Behcet's disease is a multisystem, chronic-relapsing vasculitis but its target is predominantly the venous system. It is rare but commoner in the populations emanating from the Middle East, Far East and the Mediterranean.


There are a constellation of typical findings - recurrent oral aphthous ulcerations along with genital ulcers and classical eye inflammatory changes such as uveitis and retinal vasculitis. There are typical skin lesions (erythema nodosum) or a positive pathergy test result. However, the diagnosis is entirely clinical as there is no definitive test. Brain involvement is seen in about a third with stroke and headache. There may be brainstem involvement and meningoencephalitis. Cerebral venous sinus thrombosis may occur.
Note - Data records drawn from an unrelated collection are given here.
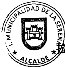
智利共和国 拉塞雷纳市代表
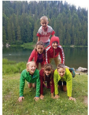
Lebende Pyramide am Taubensee
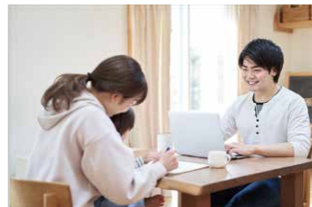
テレワークの環境整備による職住の融合イメージ
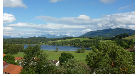
Nordic Walking Soier See Trail
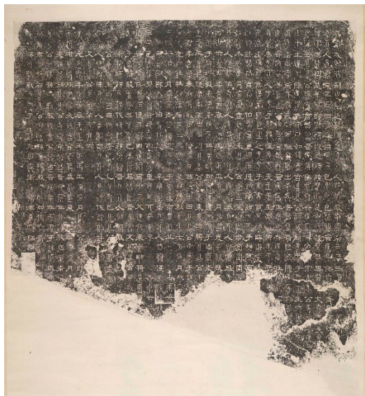
左：《春秋》初拓未剖本

《魏三體石經》又稱為《正始石經》、《魏石經》，三國曹魏正始二年（241）刻製，內容為十三經中的《尚書》、《春秋》和部分《左傳》。因為每字皆刻古文、篆書、隸書三種字體，故稱為三體石經。與漢代的《熹平石經》、唐朝的《開成石經》，並稱為中國古代的三大石經，都是官訂的教科書。
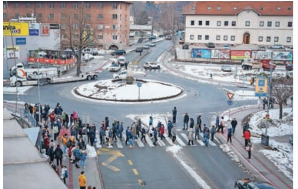
Protest proti visokim cenam ogrevanja v bližini občinske stavbe

"Župan je ponovno izrazil zavedanje problematike podražitev daljinskega ogrevanja v občini Jesenice in s tem stiske občanov, hkrati pa je prisotne obvestil o aktivnostih in rešitvah, ki jih je v tem času opravila oziroma sprejela Občina Jesenice. Na prvem sestanku sta se direktorja podjetij Enos in Enos OTE zavezala, da se bo za končne uporabnike variabilni del cene
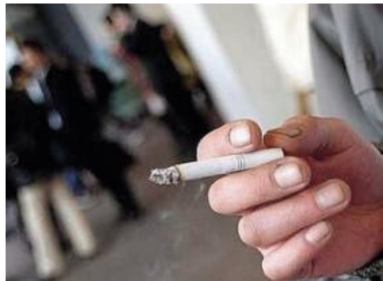
Govorica, da nekaj cigaret na dan ni škodljivih, po trditvah norveških znanstvenikov ne drži. Foto: EPA

Vir: http://www.rtv slo.si/modload.php?&c_mod=r-news&op=sections&func=read&c_menu=18
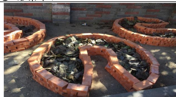
利用校園樹木落葉，進行堆肥。
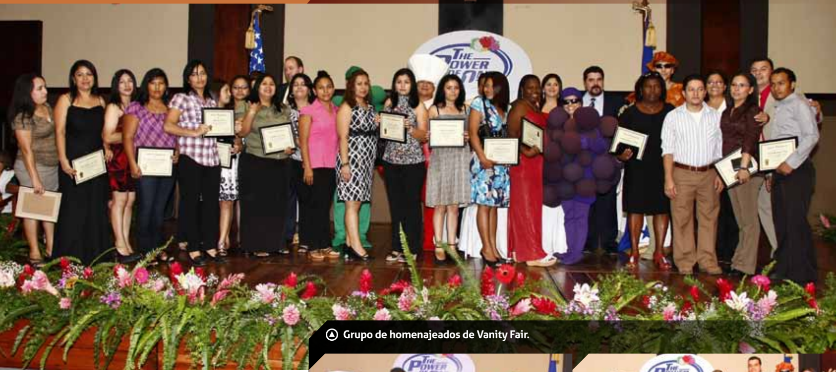
Ⓐ Grupo de homenajeados de Vanity Fair.

  • Bloods FBC, U&E, LFTs, CRP, ESR
  • Pathergy test involves using a sterile needle to cause a small skin lesion which develops as a sign of skin hyperreactivity within 48 hours.
  • CT/MRI may show brain lesions. CTV or MRV for suspected CVST.
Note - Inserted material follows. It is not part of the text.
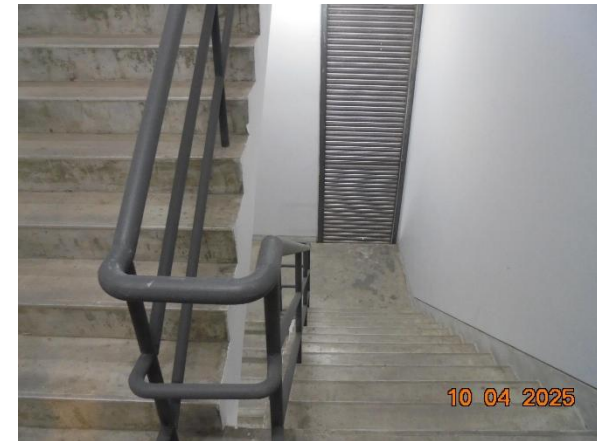
รูปที่ 2-44 (ต่อ) จัดให้มีระบบป้องกันอัคคีภัย
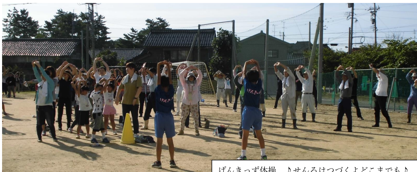
げんきっず体操 ♪せんろはつづくよどこまでも♪

そして、子ども達の健やかな成長とご家族の健康増進のために、ご家庭でも体操していただけると嬉しいです。

Management has been with various combinations of drugs such as colchicine, thalidomide, dapsone, azathioprine, interferon-alpha and etanercept as well as oral anticoagulation. In neurosarcoid high dose steroids and immunosuppressives may be used. In aggressive disease cyclophosphamide and methotrexate and interferon-alpha, or azathioprine may be considered. Biological agents may also be considered.